Geertjan Wielenga replied on Thu, 2008/08/21 - 7:42am
in response to:
Harris Goldstone
An excuse for all seasons...
[/quote]
But in and of itself how can "the use of open source code" directly lead to an impact on the quality of software?
Brian Sayatovic replied on Thu, 2008/08/21 - 9:28am
in response to:
Harris Goldstone
I agree, I don't like that list of excuses.
The defects I find emerge from an accumulation of bad programming practices that are believed to save time, but never do. All too often, people are driven to do bad things in order to meet a deadline (e.g. copy & paste code, use a primitive, swallow an exception). These often don't directly produce a bug, but do indirectly later in maintenance (e.g. bug only fixed in one of the copy & pasted locations, primitive is too primitive to hold more information, swallowed exception allowed bad data to propogate affecting something else).
Mrmagoo Magoo replied on Thu, 2008/08/21 - 3:57pm
"emerge from an accumulation of bad programming practices"
I think the first and main thrust of the article was actually about complexity increasing and thus the problem has/is getting worse. I think we can all agree that increasingly complexity will make bad programming practice stand out more. It will also make mediocre practice bad. :)
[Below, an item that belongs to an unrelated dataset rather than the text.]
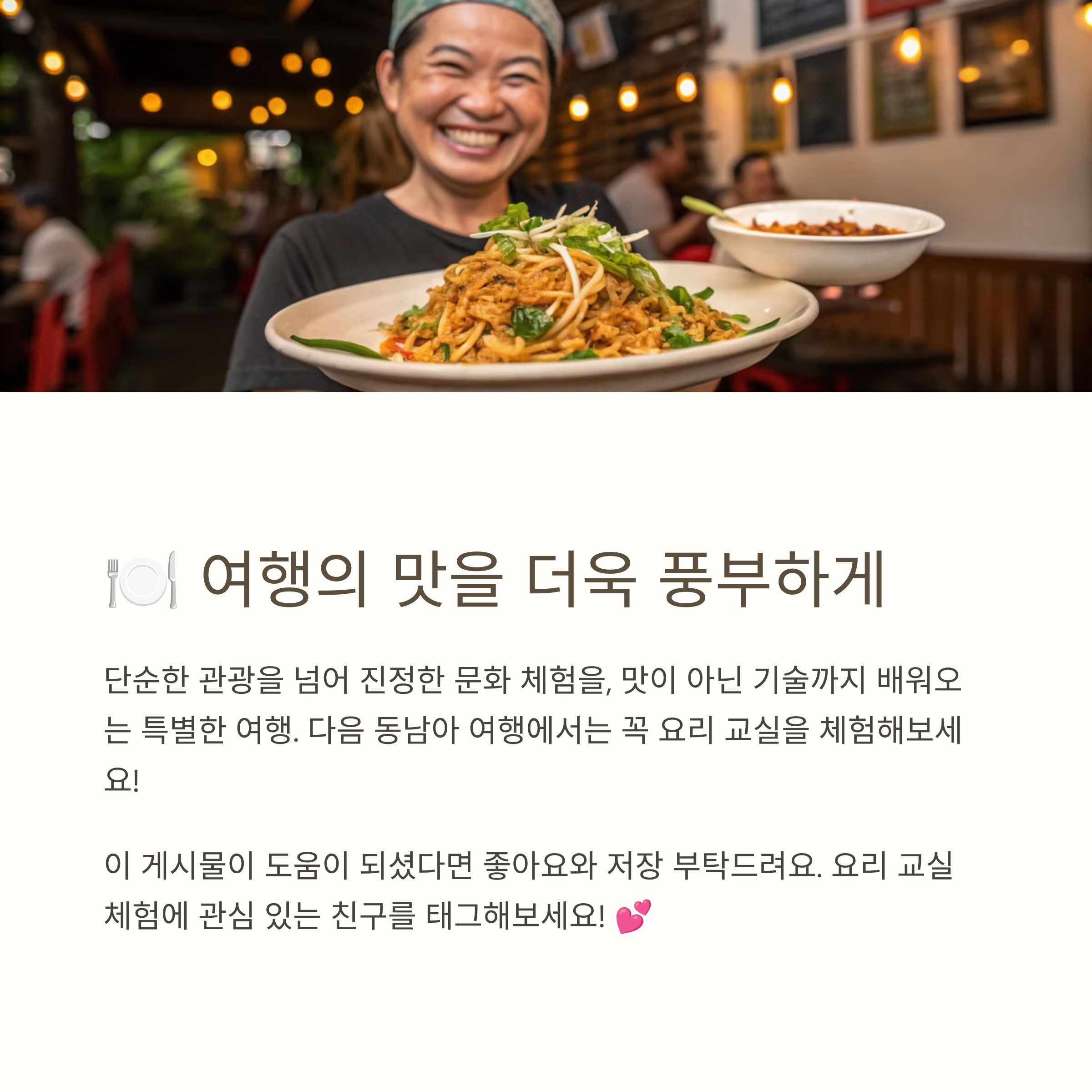 요리 교실은 당신의 여행을 더욱 특별하게 만들 거예요! 💖

Besides which, it is all very fine and well to blame programmers totally for their "bad practice", but many places I have worked (including the current) were forced into bad practice by management and forced deadlines. (literally "just get it done") Then it became culture.
Now poor B'stards like me find it difficult to do ANY sort of good programming practice due to the code complexity and architecture.
Slava Imeshev replied on Fri, 2008/08/22 - 3:58pm
in response to:
Geertjan Wielenga
But in and of itself how can "the use of open source code" directly lead to an impact on the quality of software?
[/quote]
This may have to do with the fact that free software is not subject to market forces, so there is no a strong driver for quality. Note that I don't mention open-sourceness. When a progect goes over 1mloc, it does not really matter if you have the code. You wouldn't be able to do anyting with it anyway.
Commercial software may suck just the same, but the reasons for that are different and there is always possibility that an organization that produce a low qaulity product dies thanks to market forces and that another one does a better job.
Geertjan Wielenga replied on Fri, 2008/08/22 - 4:06pm
in response to:
Slava Imeshev
But in and of itself how can "the use of open source code" directly lead to an impact on the quality of software?
[/quote]
This may have to do with the fact that free software is not subject to market forces, so there is no a strong driver for quality. [snipsnipsnip]
[/quote]
Really? Eclipse and NetBeans IDE are both free. You'd be surprised, apparently, at the effect of market forces on those IDEs. Sure, maybe not direct market forces. But there's a very strong drive for quality, otherwise everyone would dump them for an alternative.
Slava Imeshev replied on Fri, 2008/08/22 - 5:18pm
in response to:
Geertjan Wielenga
Really? Eclipse and NetBeans IDE are both free. You'd be surprised, apparently, at the effect of market forces on those IDEs. Sure, maybe not direct market forces. But there's a very strong drive for quality, otherwise everyone would dump them for an alternative.
[/quote]
Rumors have it IBM invests around $180M into Eclipse R&D and marketing. Working towards the market where all software is free and all services are IBM's is a *very* strong marked force.